Please copy exactly the part of the records below that opens with the line containing "Country Automotive Services." and closes with the line containing "Anelie is also conducting a workshop for", leaving out any pictures.

--- Supplied material ---

• • •

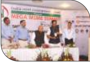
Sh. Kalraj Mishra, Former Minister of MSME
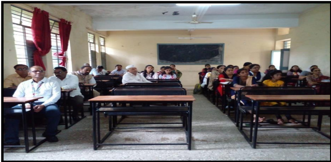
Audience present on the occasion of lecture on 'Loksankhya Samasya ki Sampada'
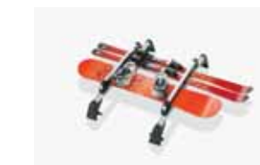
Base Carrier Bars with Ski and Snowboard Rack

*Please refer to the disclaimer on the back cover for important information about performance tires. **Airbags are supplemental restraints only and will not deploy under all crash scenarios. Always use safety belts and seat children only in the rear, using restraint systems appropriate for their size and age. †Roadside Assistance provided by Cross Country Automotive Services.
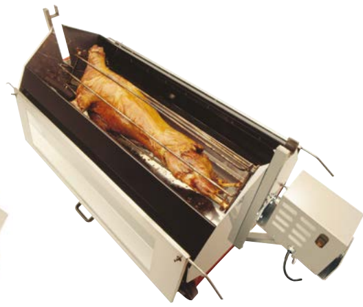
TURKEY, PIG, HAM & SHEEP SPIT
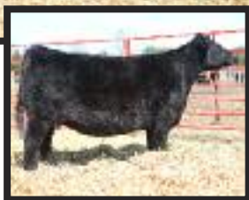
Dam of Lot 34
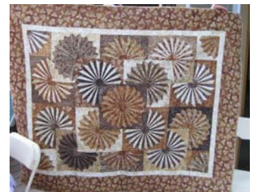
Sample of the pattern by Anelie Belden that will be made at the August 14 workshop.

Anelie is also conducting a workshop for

• • •

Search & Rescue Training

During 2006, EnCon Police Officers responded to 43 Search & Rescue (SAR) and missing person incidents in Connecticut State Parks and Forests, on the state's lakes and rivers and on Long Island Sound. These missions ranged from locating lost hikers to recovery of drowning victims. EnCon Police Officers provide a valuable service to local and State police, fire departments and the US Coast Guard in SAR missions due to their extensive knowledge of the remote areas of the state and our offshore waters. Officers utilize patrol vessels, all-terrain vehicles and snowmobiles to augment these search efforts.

• • •

--- Your response ---
*Please refer to the disclaimer on the back cover for important information about performance tires. **Airbags are supplemental restraints only and will not deploy under all crash scenarios. Always use safety belts and seat children only in the rear, using restraint systems appropriate for their size and age. †Roadside Assistance provided by Cross Country Automotive Services.
TURKEY, PIG, HAM & SHEEP SPIT
Dam of Lot 34
Sample of the pattern by Anelie Belden that will be made at the August 14 workshop.

Anelie is also conducting a workshop for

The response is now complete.